───── Data for the task

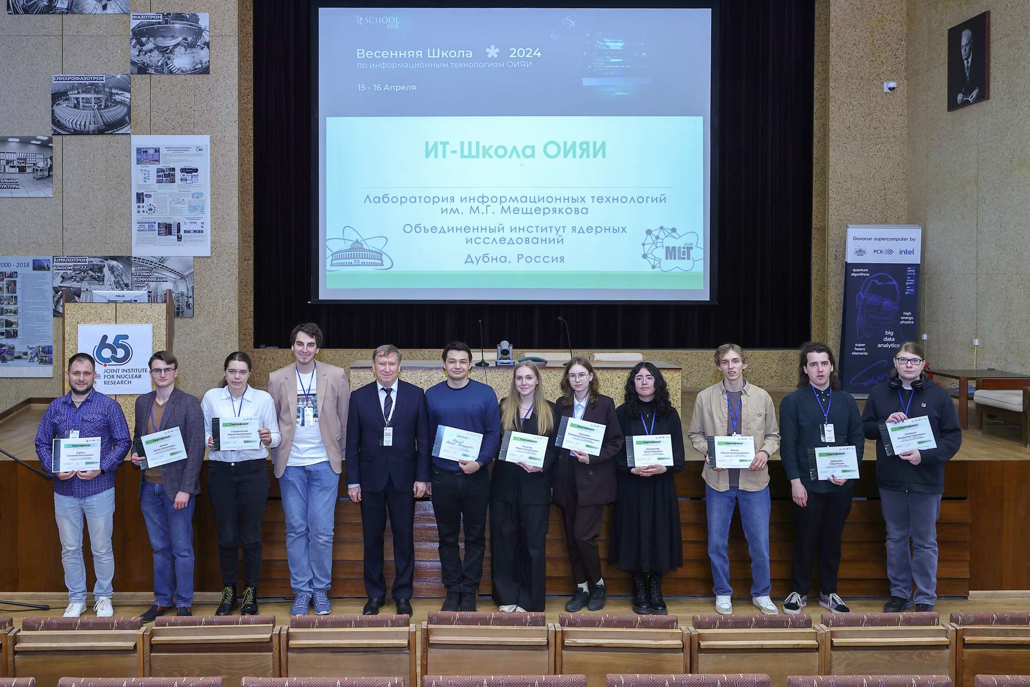 15-16 апреля в Лаборатории информационных технологий им. М. Г. Мещерякова прошла Весенняя школа по информационным технологиям Объединенного института ядерных исследований. Мероприятие является вторым этапом в серии школ по информационным технологиям ОИЯИ, главной целью которых является вовлечение молодых специалистов в решение задач, стоящих перед ОИЯИ, с применением современных информационных технологий. По итогам Осенней школы, которая проходила с 16 по 20 октября 2023 года в ЛИТ ОИЯИ, были сформированы научные группы, включающие в себя студентов, их руководителей из вузов и сотрудников института для совместных работ в проектах ОИЯИ.
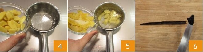 Pour the water into a saucepan and bring it to a boil: at that point, add the ginger pieces 4 and the lemon zest 5. Let it boil for 10 minutes, then remove the saucepan from the heat. Split a vanilla bean lengthwise and scrape out the seeds with a knife 6.
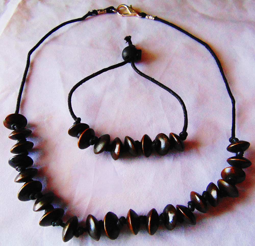 Wood Unisex Leather Rope Necklace Set
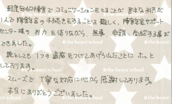 軽度知的障害でコミュニケーションをとることが、苦手な子供が1人で障害年金の手続きをすることは難しく、障害年金サポートセンター様のお力を借りながら、無事、申請、受給する事ができました。
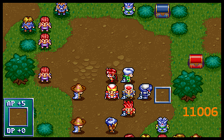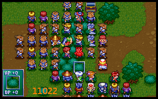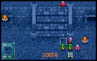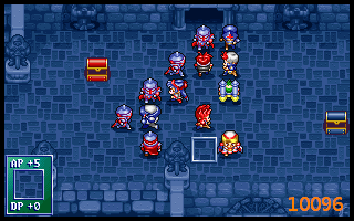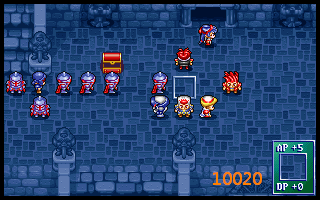 上边魔导耗光及亚克魔补后,闲人捡右边箱子和门口左边暗箱(力量药水),盖亚继续清敌(早先怕不够杀,布兰多往上送,结果有富余,裘娜清掉)。19回合我方站位及高级援军出现后形成下图10020,其中盖亚上一为低级骑兵。

──────────

**Task instructions**
Give back every record exactly. Omit the pictures.

**Task response**
 15-16 апреля в Лаборатории информационных технологий им. М. Г. Мещерякова прошла Весенняя школа по информационным технологиям Объединенного института ядерных исследований. Мероприятие является вторым этапом в серии школ по информационным технологиям ОИЯИ, главной целью которых является вовлечение молодых специалистов в решение задач, стоящих перед ОИЯИ, с применением современных информационных технологий. По итогам Осенней школы, которая проходила с 16 по 20 октября 2023 года в ЛИТ ОИЯИ, были сформированы научные группы, включающие в себя студентов, их руководителей из вузов и сотрудников института для совместных работ в проектах ОИЯИ.
 Pour the water into a saucepan and bring it to a boil: at that point, add the ginger pieces 4 and the lemon zest 5. Let it boil for 10 minutes, then remove the saucepan from the heat. Split a vanilla bean lengthwise and scrape out the seeds with a knife 6.
 Wood Unisex Leather Rope Necklace Set
 軽度知的障害でコミュニケーションをとることが、苦手な子供が1人で障害年金の手続きをすることは難しく、障害年金サポートセンター様のお力を借りながら、無事、申請、受給する事ができました。
 上边魔导耗光及亚克魔补后,闲人捡右边箱子和门口左边暗箱(力量药水),盖亚继续清敌(早先怕不够杀,布兰多往上送,结果有富余,裘娜清掉)。19回合我方站位及高级援军出现后形成下图10020,其中盖亚上一为低级骑兵。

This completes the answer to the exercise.